Y ese sueño conmueve
tanto más por la juventud de su protagonista (Gatz) y de su narrador (Nick
Carraway), dotados de gran capacidad para la esperanza y el entusiasmo, hombres
con apetito de mundo y de vida que saben encontrarle vigor, brillo, chiste,
nobleza y belleza a todos los rincones de la realidad. Son
unos Tom Sawyers asombrados en las ciudades y las residencias
veraniegas, ante las orquestas de jazz y los magníficos automóviles, las
mejores muchachas con los vestidos más finos y los mejores camaradas en sus
mejores días, y así todos los días llenos de vida, y noche tras noche todas las
noches.
La riqueza no es
contabilidad, sino magia y libertad moral: todo es asequible con ella, no sólo
hacer posibles los amores que no lo son sino hasta corregir el pasado, dice
Gatsby. Y todo de bulto, todo presencia sensorial: las notas del jazz, el sabor
de la champaña, la textura de todas sus camisas: el narrador, Nick, le dice a Gatsby:
"--Ella tiene
una voz indiscreta... Esta llena de --yo vacilé.
"--Su voz está
llena de dinero --dijo Gatsby repentinamente. Eso era. No lo había comprendido
antes. Estaba llena de dinero: ese era
el encanto inagotable que se alzaba y caía de su voz, su retintín, su cascabeleo... En lo alto del palacio blanco, la hija del
rey, la chica de oro."
Desde luego, el sueño
de dinero de Gatsby es derrotado por el dinero pragmático, real, vulgar del
rico de este mundo, Tom Buchanan.
En todos sus libros
habla Scott Fitzgerald del dinero; en un cuento, "Los nadadores",
dice que "Los norteamericanos están incompletos sin el dinero... El dinero
es poder.
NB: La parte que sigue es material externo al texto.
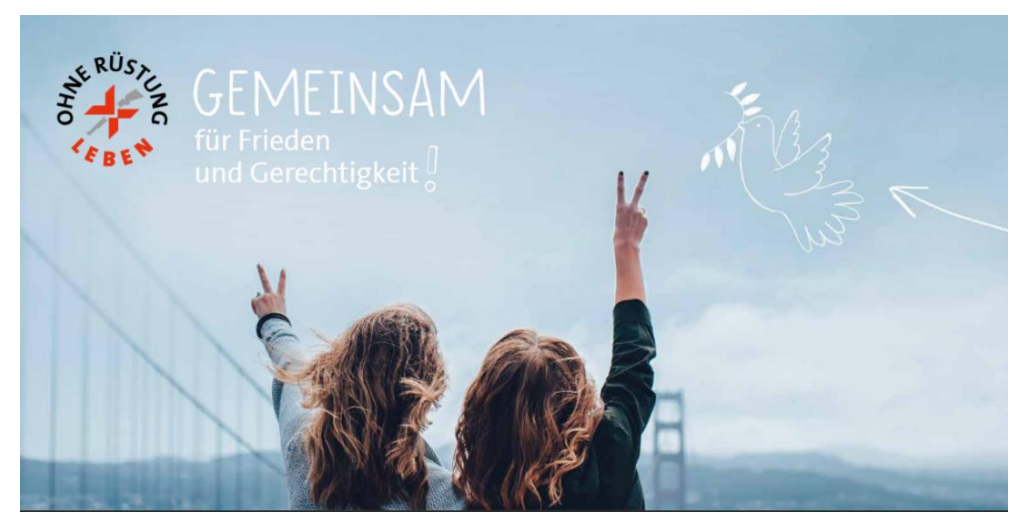
Stopping arms exports

El dinero hizo a este país,
construyó sus grandes y gloriosas ciudades, creó sus industrias, lo cubrió con
una red de ferrocarriles. Es el dinero
lo que domina las fuerzas de la naturaleza, crea la máquina y la pone a
funcionar cuando el dinero dice que funcione, y la detiene cuando el dinero
dice que se detenga", lo que por cierto viene de Spengler y suena a los sermones antimarxistas de
Mencken.
En la vida real, el
dinero fue un drama para Scott Fitzgerald, sobre todo cuando su prestigio
empezó a declinar, en los años treinta, y sus gastos a crecer, por el empeño de
mantener el mismo tren de vida en la depresión y los gastos médicos de su
mujer, recluida en una clínica mental. Contó entonces de diversas maneras la
tragedia del dinero, las bancarrotas y desmoronamientos de la época de la
depresión.
En Tierna es la noche el protagonista, que se
creía vivo, se descubre de pronto en medio de su sueño, que ya es un tanto
delirio, y lo que es peor: se descubre manipulándolo, organizando sus quimeras
en espejismos quebradizos al borde de la playa. Su pasado lo ha vuelto irreal,
vive extraviado, engolosinado y preso en sus fantasías extravagantes. Se diría que todo lo perdió en el auge, pero
especialmente los deseos mismos, la capacidad de desear; ahora la acción no le
interesa, no cree que actuar, hacer algo --cualquier cosa-- valga la pena.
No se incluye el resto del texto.